DATA SHOWN:
|---|
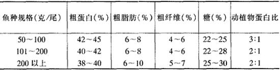 (1)网箱应当在鱼种放养前7~10天就下水上架,让网衣上附一些藻类,这样可减轻网衣对鱼体的擦伤。 (2)鱼种应在头年的10~11月至翌年3月下旬之前进入成鱼箱,进箱前用15~30毫克/升的呋喃唑酮或较浓的呋喃西林药液浸浴消毒。 (3)同箱鱼种的规格尽可能整齐一致,切忌不论大小凑数了事。 5.饲料及其投喂 网箱用成鱼饲料的主要营养指标见表2-18。 表2-18 网箱养长吻鮠成鱼的配合饲料的主要营养指标
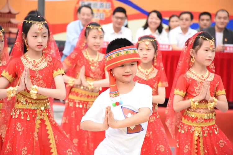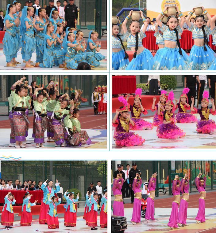 小学部学生们的国旗巡展精彩纷呈,穿着红色古装的“中国人”,穿着白色长袍的“阿拉伯人”,穿着浅绿色东南亚风格服装的“缅甸人”……或载歌载舞、或表演地域风情,展现了亚洲多彩的文化氛围。值得一提的是,学生们展示了习近平总书记《在“亚洲文明对话大会”上的致辞》的绝妙翻译秀,“小翻译家们”发音准确、翻译精妙,现场掌声不断。
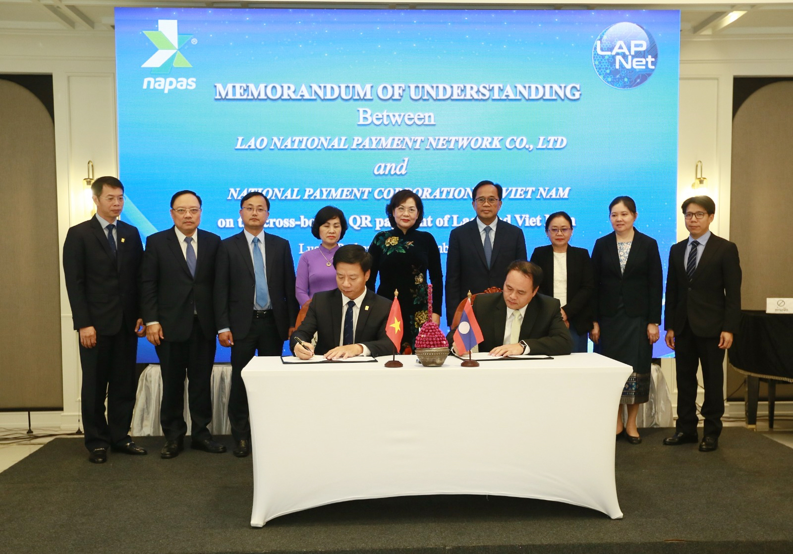 ນອກຈາກນັ້ນ, ຍັງມີພິທີລົງນາມໃນບົດບັນທຶກຄວາມເຂົ້າໃຈວ່າດ້ວຍການຮ່ວມມືລະຫວ່າງບໍລິສັດ LAPNETແລະ NAPAS ເພື່ອຄົ້ນຄວ້າການເຊື່ອມລະບົບການຊໍາລະຂ້າມແດນລະຫວ່າງ ສປປ ລາວ ແລະ ສສ ຫວຽດນາມ ຜ່ານ QRCode ໂດຍມີຄະນະຜູ້ວ່າການ, ຕາງໜ້າກົມກ່ຽວຂ້ອງຈາກສອງທະນາຄານກາງ, ບໍລິສັດ LAPNET ແລະ NAPAS, ຕາງໜ້າຈາກທະນາຄານທຸລະກິດລາວ ແລະທະນາຄານທຸລະກິດຫວຽດນາມປະຈໍາ ສປປ ລາວ ກໍ່ເຂົ້າຮ່ວມ.
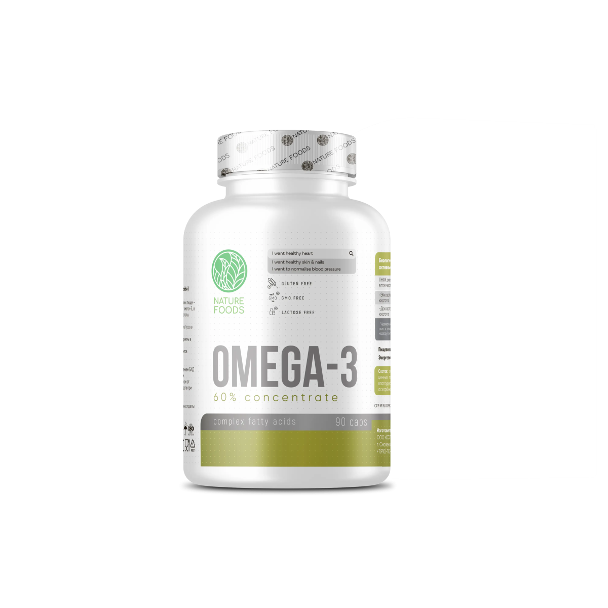 Nature Foods Omega-3 60% – чистые омега-кислоты для здоровья сердца, мозга и суставов Nature Foods Omega-3 60% — это высококонцентрированный источник полиненасыщенных жирных кислот, необходимых для полноценной поддержки сердечно-сосудистой системы, здоровья мозга, зрения и суставов. Продукт создан на основе качественного рыбьего жира и идеально подходит как для активных людей, так и для тех, кто заботится о своём здоровье ежедневно.
|---|
TASK BRIEF:
Everything from the top line of the data down to and including the line with "ສປປ ລາວ ກໍ່ເຂົ້າຮ່ວມ." is to be copied, except the pictures.

EXERCISE OUTPUT:
 (1)网箱应当在鱼种放养前7~10天就下水上架,让网衣上附一些藻类,这样可减轻网衣对鱼体的擦伤。 (2)鱼种应在头年的10~11月至翌年3月下旬之前进入成鱼箱,进箱前用15~30毫克/升的呋喃唑酮或较浓的呋喃西林药液浸浴消毒。 (3)同箱鱼种的规格尽可能整齐一致,切忌不论大小凑数了事。 5.饲料及其投喂 网箱用成鱼饲料的主要营养指标见表2-18。 表2-18 网箱养长吻鮠成鱼的配合饲料的主要营养指标
 小学部学生们的国旗巡展精彩纷呈,穿着红色古装的“中国人”,穿着白色长袍的“阿拉伯人”,穿着浅绿色东南亚风格服装的“缅甸人”……或载歌载舞、或表演地域风情,展现了亚洲多彩的文化氛围。值得一提的是,学生们展示了习近平总书记《在“亚洲文明对话大会”上的致辞》的绝妙翻译秀,“小翻译家们”发音准确、翻译精妙,现场掌声不断。
 ນອກຈາກນັ້ນ, ຍັງມີພິທີລົງນາມໃນບົດບັນທຶກຄວາມເຂົ້າໃຈວ່າດ້ວຍການຮ່ວມມືລະຫວ່າງບໍລິສັດ LAPNETແລະ NAPAS ເພື່ອຄົ້ນຄວ້າການເຊື່ອມລະບົບການຊໍາລະຂ້າມແດນລະຫວ່າງ ສປປ ລາວ ແລະ ສສ ຫວຽດນາມ ຜ່ານ QRCode ໂດຍມີຄະນະຜູ້ວ່າການ, ຕາງໜ້າກົມກ່ຽວຂ້ອງຈາກສອງທະນາຄານກາງ, ບໍລິສັດ LAPNET ແລະ NAPAS, ຕາງໜ້າຈາກທະນາຄານທຸລະກິດລາວ ແລະທະນາຄານທຸລະກິດຫວຽດນາມປະຈໍາ ສປປ ລາວ ກໍ່ເຂົ້າຮ່ວມ.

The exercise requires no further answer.